(Task item):
Return the listing in full and exactly, but without a single picture.

─── Dataset extract

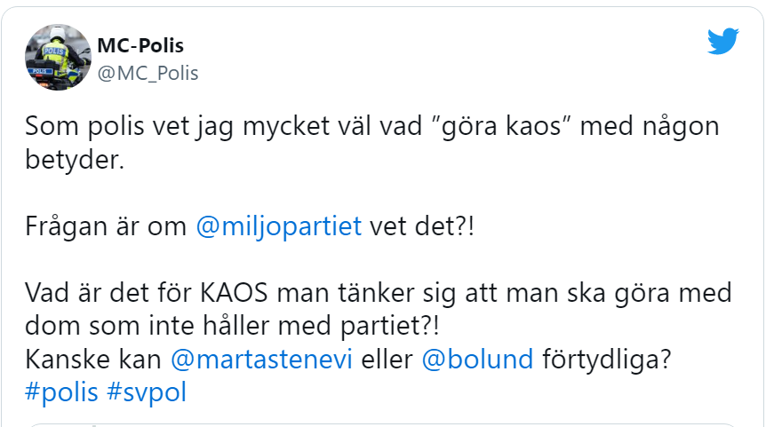 Det svenske Miljöpartiet (MP) kommer med friske utspill på Twitter. De siterer talspersonen Märta Stenevi, som blant annet sier at MP skal «lage kaos» for alle som står i veien for partiets politikk.
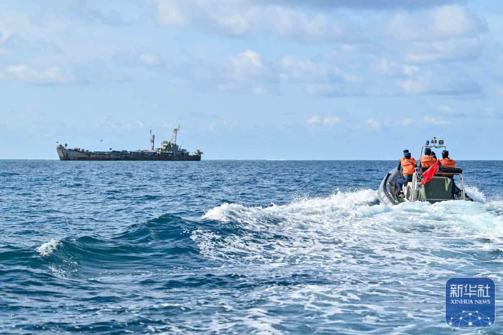 ↑5月16日,中国海警局赤瓜舰执法员在菲律宾非法“坐滩”军舰附近巡查。新华社记者 李鑫 摄
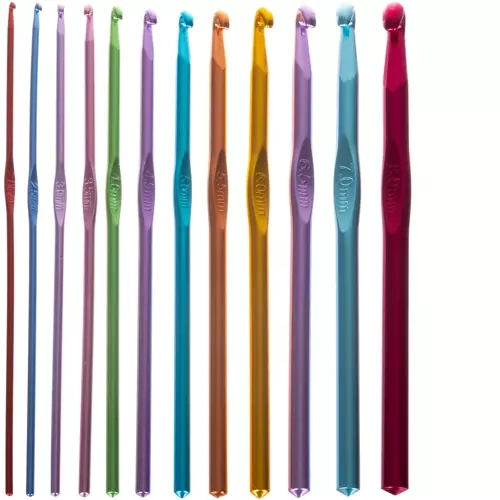 all crochet hook sizes are clearly marked - each aluminum crochet hook has a clear size marking and an ergonomic flattening that prevents hand fatigue, thanks to which you can easily reach the right tool, even during intense knitting

──────

(Result of the exercise):
 Det svenske Miljöpartiet (MP) kommer med friske utspill på Twitter. De siterer talspersonen Märta Stenevi, som blant annet sier at MP skal «lage kaos» for alle som står i veien for partiets politikk.
 ↑5月16日,中国海警局赤瓜舰执法员在菲律宾非法“坐滩”军舰附近巡查。新华社记者 李鑫 摄
 all crochet hook sizes are clearly marked - each aluminum crochet hook has a clear size marking and an ergonomic flattening that prevents hand fatigue, thanks to which you can easily reach the right tool, even during intense knitting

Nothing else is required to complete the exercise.